FastAPI is an emergent web framework for building APIs with Python 3.7+ based on standard Python-type hints. It is gaining popularity due to its high performance and easy-to-use features. On the other hand, PostgreSQL is a robust, open-source relational database with advanced querying capabilities. One of those is its full-text search, which is instrumental for applications that need to implement search features. In this article, we will explore how to incorporate PostgreSQL full-text search into a FastAPI application.
Getting Started
Before diving into code examples, ensure that you have Python and PostgreSQL installed in your development environment. You can verify your installations by running the following commands:
python --version
psql --version
Additionally, we will need to install FastAPI, Uvicorn (for running the server), and databases for asynchronous database interaction:
pip install fastapi uvicorn[standard] databases asyncpg
Setting Up PostgreSQL
First, let's create a PostgreSQL database. Start the PostgreSQL shell:
psql postgres
Create a database named search_demo
and a user for authentication:
CREATE DATABASE search_demo;
CREATE USER api_user WITH PASSWORD 'securepassword';
GRANT ALL PRIVILEGES ON DATABASE search_demo TO api_user;
Creating a Data Model
Next, define a data model in Python with SQLAlchemy. For illustration, let's consider a simple model for articles that includes a full-text search setup:
from sqlalchemy import create_engine, MetaData, Table, Column, Integer, String
from sqlalchemy.sql import text
database_url = "postgresql+asyncpg://api_user:securepassword@localhost/search_demo"
metadata = MetaData()
articles = Table(
'articles', metadata,
Column('id', Integer, primary_key=True),
Column('title', String, nullable=False),
Column('content', String, nullable=False)
)
When setting up the database, ensure the searchable fields use PostgreSQL's full-text search:
CREATE TABLE articles (
id SERIAL PRIMARY KEY,
title VARCHAR(200),
content TEXT
);
CREATE INDEX idx_gin_search ON articles USING gin(to_tsvector('english', title || ' ' || content));
Connecting FastAPI with PostgreSQL
Open the database connection in your FastAPI app:
from databases import Database
from fastapi import FastAPI
app = FastAPI()
database = Database(database_url)
@app.on_event("startup")
async def startup():
await database.connect()
@app.on_event("shutdown")
async def shutdown():
await database.disconnect()
Implementing Full-Text Search
Let's add the search functionality to your FastAPI application. Here is how you can use the tsvector column to perform a full-text search:
from fastapi import HTTPException, Query
@app.get("/search")
async def search_articles(q: str = Query(..., min_length=3, description="Text to search for")):
query = "SELECT id, title, content FROM articles WHERE to_tsvector('english', title || ' ' || content) @@ plainto_tsquery(:search_query);"
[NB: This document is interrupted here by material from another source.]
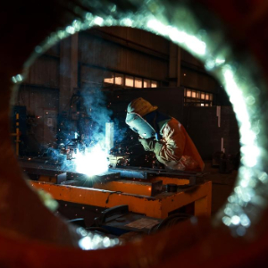 10月27日,中铁科工集团轨道交通装备有限公司技术工人对盾构机盾体配件进行电焊作业。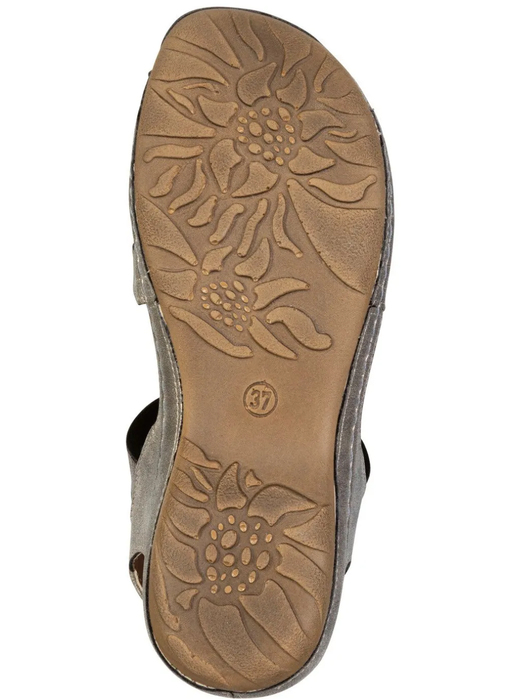 Sandalen aus feinem Synthetikmaterial mit Blüten-Applikationen und Elastikriemchen: Weite G, Futter, gepolsterte Lederdecksohle, leichte PU-Profilsohle mit 20 mm Keilabsatz

results = await database.fetch_all(query, values={"search_query": q})
if not results:
raise HTTPException(status_code=404, detail="No articles found")
return results
Testing the Search Endpoint
Finally, to run your application, execute:
uvicorn myapp:app --reload
You can then navigate to http://127.0.0.1:8000/docs
to interact with your API using the built-in FastAPI documentation viewer.
Try searching for a keyword within your existing articles and observe the results swiftly returned by the full-text search capabilities of PostgreSQL.
Conclusion
Integrating PostgreSQL's full-text search with FastAPI makes your Python applications capable of handling complex search queries efficiently. This combination provides a scalable approach, leveraging both technologies' strengths for enriched and high-performance web applications. Armed with these tools, you can extend your knowledge and build robust search functionalities tailored to your applications' needs.